This week at the Snapper I wrote a couple of articles for the Opinion section. At the time of my writing this, it is 2:25 in the afternoon. A wave of depression just hit me, and I am close to having a breakdown. Why would I tell all of Millersville this? Because I need to break the stigma against mental illness. Now, I am going to make it a little more uncomfortable for some of you. I am a suicide survivor.
That means that I tried to kill myself and survived.
This is an insanely personal detail about myself that I do not make mention of often, but I wanted to this year during the month that has suicide prevention day. It did not make me angry to see all the social media posts about suicide awareness, but it did not add up to me for some reason. My associate opinion editor, Jessie, is also writing a piece on this and I want to echo what she says in her piece: What about the other 364 days of the year? My attempt was in May and that seems pretty far off from September.
If you are uncomfortable reading this, then my goal has been accomplished.

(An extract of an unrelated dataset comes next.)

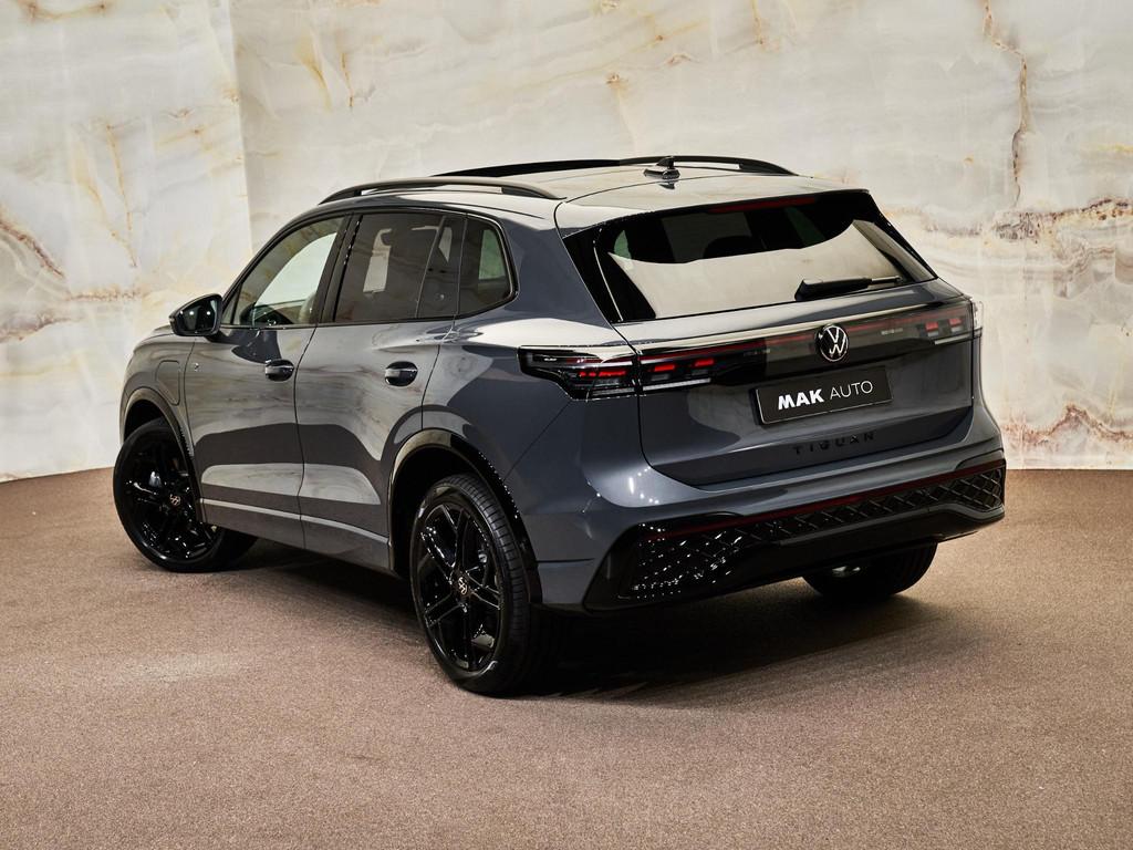 Dit betreft een zeer luxe en sportief uitgevoerde Volkswagen Tiguan 1.5 eHybrid (272 pk) in de R-Line uitvoering. Kleur exterieur: Dolphin Grey metallic (B0) en interieur met R-Line bekleding in "Soul-Black" stof (ZN). Dit betreft een nieuwe auto. Uiteraard is alle documentatie aanwezig. Voorzien van vele opties zoals:

I want to make it uncomfortable for others who never had to deal with having a mental illness. It makes me angry when I see neurotypical people make light of depression and anxiety. Everyone has those two at some point in their lives and I do not want to diminish that. Everyone deals with their depression differently and I deal with mine entirely differently than others as well. I have been dealing with my issues of being autistic and having a panic disorder and it is hard.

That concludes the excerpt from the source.